Dernier volet de la trilogie X, MAXXXINE rend hommage au cinéma d’horreur et aux vidéoclubs des années 80. Moins inspiré que X et Pearl, ses prédécesseurs, le dernier né de Ti West n’en demeure pas moins jouissif et habile dans ses références, malgré quelques évidences éculées.
Du porno au cinéma mainstream
En 2018, X nous introduisait au personnage de Maxine Minx, une jeune porn star, en plein âge d’or des années 70. Une époque où le cinéma pornographique devient mainstream et où ses actrices, comme Linda Lovelace ou Bambi Woods, sont propulsées au rang de vedettes. Une gloire effleurée du bout des doigts, qui pousse certaines d’entre elles à tenter leur chance dans le cinéma traditionnel dès le début des années 80. Ces jeunes femmes trouvent alors à cachetonner dans les productions horrifiques, friandes de ces starlettes prêtes à se déshabiller sans souci devant la caméra.
Après le golden age du porno et le survival des années 70 dans X, puis la comédie musicale et le grand mélodrame des années 50 à 60 dans Pearl, Ti West s’empare donc du cinéma horrifique des années 80 avec MAXXXINE. Jeune fille en simple salopette avec son fard à paupière bleu dans X, Maxine porte désormais une permanente de cheveux blonds décolorés, assortis de tenues glamour et de talons hauts. La volonté de se conformer au cahier des charges d’Hollywood se rend ainsi visible à travers le développement du personnage. Néanmoins, si les références culturelles des deux premiers volets s’égrenaient encore avec plus ou moins de subtilité, la main est devenue bien plus lourde dans ce dernier volet.
Meet the Night Stalker
En effet, le décor du motel de Psychose nous crie au visage, tout comme les similitudes entre l’immeuble de résidence de Maxine et l’hôtel Overlook de Shining. De même, l’antagoniste du récit est surnommé “Night Stalker”, à l’instar du célèbre tueur en série américain, Richard Ramirez. Des références particulièrement tapageuses, autant que pouvait l’être la décennie des années 80, période du capitalisme poussé à l’extrême, mais aussi du retour en force des pensées réactionnaires, avec la montée de la panique satanique. Une panique nourrie de récits horrifiques, tout droit héritée des films de possession des années 70.

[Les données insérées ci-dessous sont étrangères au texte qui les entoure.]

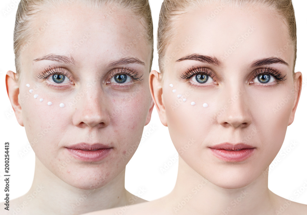 Portrait of young woman before and after make-up.
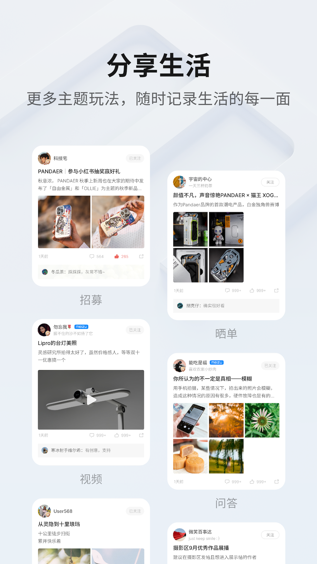 推荐内容包括官方活动、公告、产品介绍,还有科技资讯、科普文章、优秀摄影作品以及其他来自广大魅友的精华内容。

Sur ce plan, MAXXXINE renoue avec des thématiques moins usitées, comme elles avaient pu être explorées dans X, mais peu approfondies dans Pearl. En effet, le film lie la panique morale des années 80 au besoin de reconnaissance de ces stars féminines de la série B, rarement citées, qui se vouaient à l’érotisme ou à la pornographie, pour arrondir leurs fins de mois. De même que les gants de cuir du Night Stalker évoquent les films de l’Italien Lucio Fulci, à cette période où il tentait de reproduire les succès américains. Avec ce qu’il faut de gore et de scènes choc pour attirer les spectateurs en salle ou… dans les vidéoclubs.
Maxine Superstar
Car le capitalisme s’étend, dans les années 80, sur de nouveaux supports. L’âge d’or de la VHS atteint son apogée, avec l’avènement des films en direct-to-video. L’offre répond à la demande par une surenchère de violence et de sexe, puis s’étend à un public plus jeune, qui ne peut accéder à ce type d’œuvre légalement en salle. Ce nouveau paradigme commercial attise la panique morale, compte-tenu du manque de contrôle sur ce marché encore récent. Paradoxalement, le support vidéo sert aussi aux plus conservateurs à promouvoir leurs idées, au travers de fictions ou de supports de propagande.
MAXXXINE dresse un portrait saisissant de cette période et érige son héroïne en symbole. Porte-étendard des vedettes de la série B, entre porno, érotisme et cinéma de genre, Maxine Minx incarne aussi le paradoxe de sa décennie, entre évangélisme exacerbé et star-system sans scrupule. Si l’on sent que Ti West porte un intérêt plus mesuré au cinéma des années 80 qu’à celui des années 50 à 70, il rafle tout de même la mise dans ses élans trash et dans sa volonté de faire triompher sa protagoniste. Car Maxine arrache sa victoire à l’ordre établi, là où des vedettes comme Michelle Bauer ou Linnea Quigley n’ont jamais eu la chance de transformer véritablement l’essai.